#### EXERCISE BRIEF:
Transcribe the whole listing below without changing a word, but leave out every image.

#### GIVEN DATA:
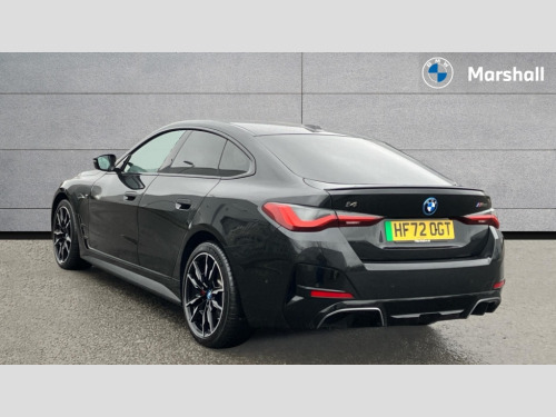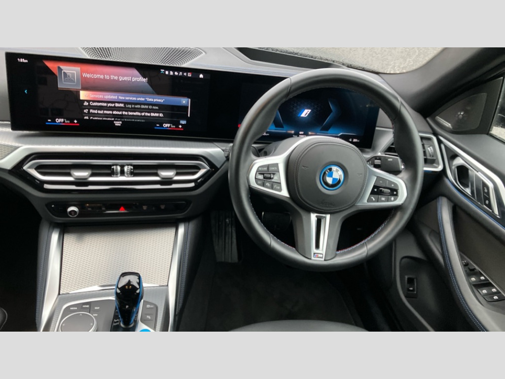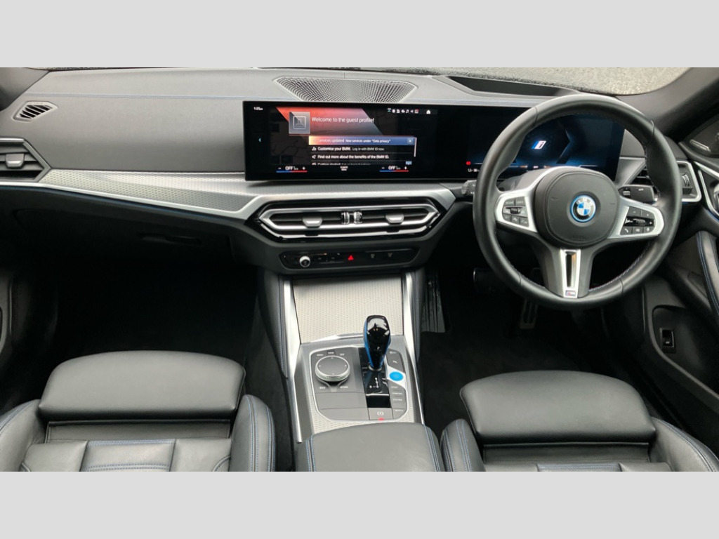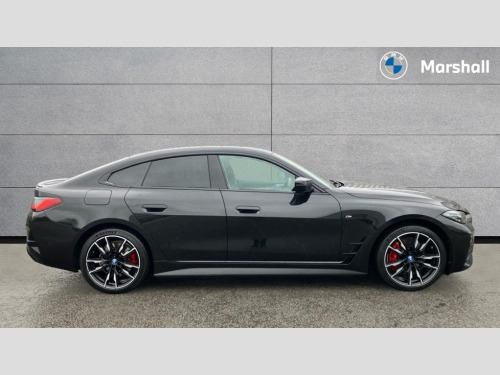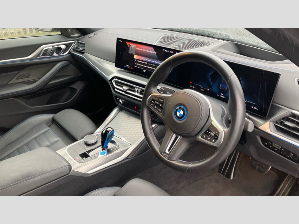 BMW I4 400kW M50 83.9kWh 5dr Auto Active guard plus, Attentiveness assist, Automatic tailgate operation, BMW legal emergency call, BMW remote services, BMW Teleservices, Condition based service, Cruise control with brake assist, Drive off assistant, Driving experience switch, Electric Power Steering (EPS) with Servotronic, Engine start/stop button, iDrive controller, Integrated owners handbook, Live Cockpit Professional with head up display including 12.3" instrument cluster and 14.9" central display, Personal Profile - automatic lock when driving away selectable, Preparation for active cruise control with stop and go, Run flat indicator, Service interval indicator, Smartphone integration, Speed limiter, Storage for wireless charging, Widescreen display, AC charging up to 11kW, Adaptive M suspension, DC charging up to 150kW, eDrive exterior sound, Electric drive unit, Electronic differential lock, High voltage battery, Mode 2 flexible charger, Mode 3 charging cable, Safety battery terminal clamp, 2x USB Type C ports in front centre console for charging and data transfer, BMW iconic sound electric, DAB tuner, Harman/Kardon surround sound audio system with 464W amplifier power, 9 channels and 17 speakers, Auto dimming rear view mirror, Auto dimming with folding wing mirrors, BMW individual lights shadow line, BMW radiator grille partially with blue accent, BMW radiator grille with mesh grille/end face of the nuggets in quartz silver matt, Body colour door handles, Electric adjustable exterior mirrors, Electric windows with trap release and convenient opening/closing feature, Exterior mirror heated, Fading support, Follow me home headlights, Front and rear bumper system, Front apron plastic in body colour, Headlight beam throw control, Heated washer jets, High gloss black radiator grille frame, High gloss shadow line exterior trim, High level third brake light, I badge with blue highlight on front ornamental grille, I4 charging socket flap, right, rear in body colour, Integrated outside door handles, flush design, flush integrated, handle recess indirectly illuminated, Lateral blue accent including air breather, LED daytime running lights, LED direction indicator lenses, LED eyebrow light, LED front fog lights, LED rear lights, M Sport entry door sill strips, M Sport spoiler, Mirror glass aspheric on driver's side, convex on passenger side, Model logo - Rear and right model designation, Rear left i4 inscription, Number plate panel integrated into front bumper and tailgate, One piece front bumper cover including towing eye cover in body colour, Rain sensor including auto headlights activation, Rear bumper with blue accent, Rear side wing doors, Rear wiper, Reversing light, Roof fin in body colour, Side frame trim strip in black matt, Side LED indicators, Sun protection glass, Trailer stabilisation logic, Turn indicators in side mirrors, Visible VIN plate, Welcome lighting, Window cavity seal in black matt, 12v power outlet - luggage side, 12V power outlet in front console, 2 front cupholder in centre console with clamping elements and matt black inlay, 3 seat bench in 2nd row, 3 spoke leather M sport multifunction sports steering wheel, 40:20:40 split folding rear seat and rear centre armrest with two cupholders, Adjustable steering column, Ambient door pocket lighting, Ambient inside door handle light in rear, Ambient interior lighting with 11 pre-defined selectable light designs including 6 colours, Ambient light design projected onto the left and right entering and exiting area, Ambient storage compartment lighting in the centre console, Anthracite headlining, Automatic air conditioning with 3 zone control, BMW ID, Compartment in front of cupholder, Contour lighting in instrument panel and door trim panel, Driver seat backrest width adjustment, Dynamic function of contour lighting, Electric memory seats, Front and rear ambient footwell lighting, Front and rear armrest with integrated door trim, Front and rear door exit lights, Front and rear door pockets, Glovebox light, Headrests for all seats, Heated front seats, Illuminated armrest storage compartment, Interior light and reading light, Lashing eyelets in boot, Luggage compartment light, Make-up mirror lights, Rear storage compartment, Single front passenger seat, Storage tray and compartment with cover in centre console, Sunvisors with vanity mirrors and ticket pocket, Through loading system, Toolkit, Velour floor mats, Driving assistant pack - I4, M Sport exterior styling pack - I4 MPA, 3 point seatbelts on all seats, Acoustic protection for pedestrians, Active protection, Anti lock braking system (ABS) with brake assist, Automatic Stability Control (ASC), Battery safety cut-off, Brake drying, Brake energy regeneration, Brake pretensioning, Cornering brake control (CBC), Crash sensor activating central locking release, hazard warning lights, Driver and front passenger airbags, Driver and passenger side airbags, Driver/passenger seat occupancy sensor, Dynamic brake control, Dynamic stability control + (DSC+), Dynamic Traction Control - DTC, Electromechanical parking brake, Front and rear curtain airbags, Front and rear ventilated brake disc, Head airbags for all 4 outer seats, Hill start assistant, ISOFIX child seat mounting on rear outer seats, M seat belts, M Sport red brake calipers, Manual child lock in rear doors, Recuperation system, Side impact protection, Twin horns, Tyre pressure sensor, Warning triangle and first aid kit, Alarm system, Central locking including 2 vehicle keys with integrated emergency key, Central locking switch for all doors, fuel filler cap and luggage compartment, Electronic vehicle immobiliser, Interior centre lock switch, Locking wheel bolts, Tyre repair kit
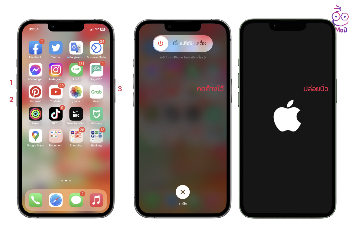 วิธีการบังคับรีสตาร์ต iPhone (Force) จะช่วยล้างแคชและลบไฟลชั่วคราว (Temporary File) บางส่วนออกได้ มีวิธีดังนี้
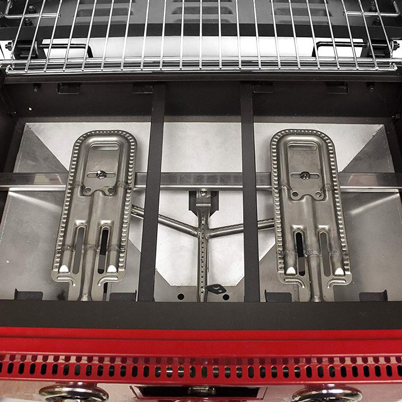 • Tabletop gas grill designed with 2 Vector burners that produce a whopping 13,000 BTUs

#### OUTPUT FOR THIS EXERCISE:
 BMW I4 400kW M50 83.9kWh 5dr Auto Active guard plus, Attentiveness assist, Automatic tailgate operation, BMW legal emergency call, BMW remote services, BMW Teleservices, Condition based service, Cruise control with brake assist, Drive off assistant, Driving experience switch, Electric Power Steering (EPS) with Servotronic, Engine start/stop button, iDrive controller, Integrated owners handbook, Live Cockpit Professional with head up display including 12.3" instrument cluster and 14.9" central display, Personal Profile - automatic lock when driving away selectable, Preparation for active cruise control with stop and go, Run flat indicator, Service interval indicator, Smartphone integration, Speed limiter, Storage for wireless charging, Widescreen display, AC charging up to 11kW, Adaptive M suspension, DC charging up to 150kW, eDrive exterior sound, Electric drive unit, Electronic differential lock, High voltage battery, Mode 2 flexible charger, Mode 3 charging cable, Safety battery terminal clamp, 2x USB Type C ports in front centre console for charging and data transfer, BMW iconic sound electric, DAB tuner, Harman/Kardon surround sound audio system with 464W amplifier power, 9 channels and 17 speakers, Auto dimming rear view mirror, Auto dimming with folding wing mirrors, BMW individual lights shadow line, BMW radiator grille partially with blue accent, BMW radiator grille with mesh grille/end face of the nuggets in quartz silver matt, Body colour door handles, Electric adjustable exterior mirrors, Electric windows with trap release and convenient opening/closing feature, Exterior mirror heated, Fading support, Follow me home headlights, Front and rear bumper system, Front apron plastic in body colour, Headlight beam throw control, Heated washer jets, High gloss black radiator grille frame, High gloss shadow line exterior trim, High level third brake light, I badge with blue highlight on front ornamental grille, I4 charging socket flap, right, rear in body colour, Integrated outside door handles, flush design, flush integrated, handle recess indirectly illuminated, Lateral blue accent including air breather, LED daytime running lights, LED direction indicator lenses, LED eyebrow light, LED front fog lights, LED rear lights, M Sport entry door sill strips, M Sport spoiler, Mirror glass aspheric on driver's side, convex on passenger side, Model logo - Rear and right model designation, Rear left i4 inscription, Number plate panel integrated into front bumper and tailgate, One piece front bumper cover including towing eye cover in body colour, Rain sensor including auto headlights activation, Rear bumper with blue accent, Rear side wing doors, Rear wiper, Reversing light, Roof fin in body colour, Side frame trim strip in black matt, Side LED indicators, Sun protection glass, Trailer stabilisation logic, Turn indicators in side mirrors, Visible VIN plate, Welcome lighting, Window cavity seal in black matt, 12v power outlet - luggage side, 12V power outlet in front console, 2 front cupholder in centre console with clamping elements and matt black inlay, 3 seat bench in 2nd row, 3 spoke leather M sport multifunction sports steering wheel, 40:20:40 split folding rear seat and rear centre armrest with two cupholders, Adjustable steering column, Ambient door pocket lighting, Ambient inside door handle light in rear, Ambient interior lighting with 11 pre-defined selectable light designs including 6 colours, Ambient light design projected onto the left and right entering and exiting area, Ambient storage compartment lighting in the centre console, Anthracite headlining, Automatic air conditioning with 3 zone control, BMW ID, Compartment in front of cupholder, Contour lighting in instrument panel and door trim panel, Driver seat backrest width adjustment, Dynamic function of contour lighting, Electric memory seats, Front and rear ambient footwell lighting, Front and rear armrest with integrated door trim, Front and rear door exit lights, Front and rear door pockets, Glovebox light, Headrests for all seats, Heated front seats, Illuminated armrest storage compartment, Interior light and reading light, Lashing eyelets in boot, Luggage compartment light, Make-up mirror lights, Rear storage compartment, Single front passenger seat, Storage tray and compartment with cover in centre console, Sunvisors with vanity mirrors and ticket pocket, Through loading system, Toolkit, Velour floor mats, Driving assistant pack - I4, M Sport exterior styling pack - I4 MPA, 3 point seatbelts on all seats, Acoustic protection for pedestrians, Active protection, Anti lock braking system (ABS) with brake assist, Automatic Stability Control (ASC), Battery safety cut-off, Brake drying, Brake energy regeneration, Brake pretensioning, Cornering brake control (CBC), Crash sensor activating central locking release, hazard warning lights, Driver and front passenger airbags, Driver and passenger side airbags, Driver/passenger seat occupancy sensor, Dynamic brake control, Dynamic stability control + (DSC+), Dynamic Traction Control - DTC, Electromechanical parking brake, Front and rear curtain airbags, Front and rear ventilated brake disc, Head airbags for all 4 outer seats, Hill start assistant, ISOFIX child seat mounting on rear outer seats, M seat belts, M Sport red brake calipers, Manual child lock in rear doors, Recuperation system, Side impact protection, Twin horns, Tyre pressure sensor, Warning triangle and first aid kit, Alarm system, Central locking including 2 vehicle keys with integrated emergency key, Central locking switch for all doors, fuel filler cap and luggage compartment, Electronic vehicle immobiliser, Interior centre lock switch, Locking wheel bolts, Tyre repair kit
 วิธีการบังคับรีสตาร์ต iPhone (Force) จะช่วยล้างแคชและลบไฟลชั่วคราว (Temporary File) บางส่วนออกได้ มีวิธีดังนี้
 • Tabletop gas grill designed with 2 Vector burners that produce a whopping 13,000 BTUs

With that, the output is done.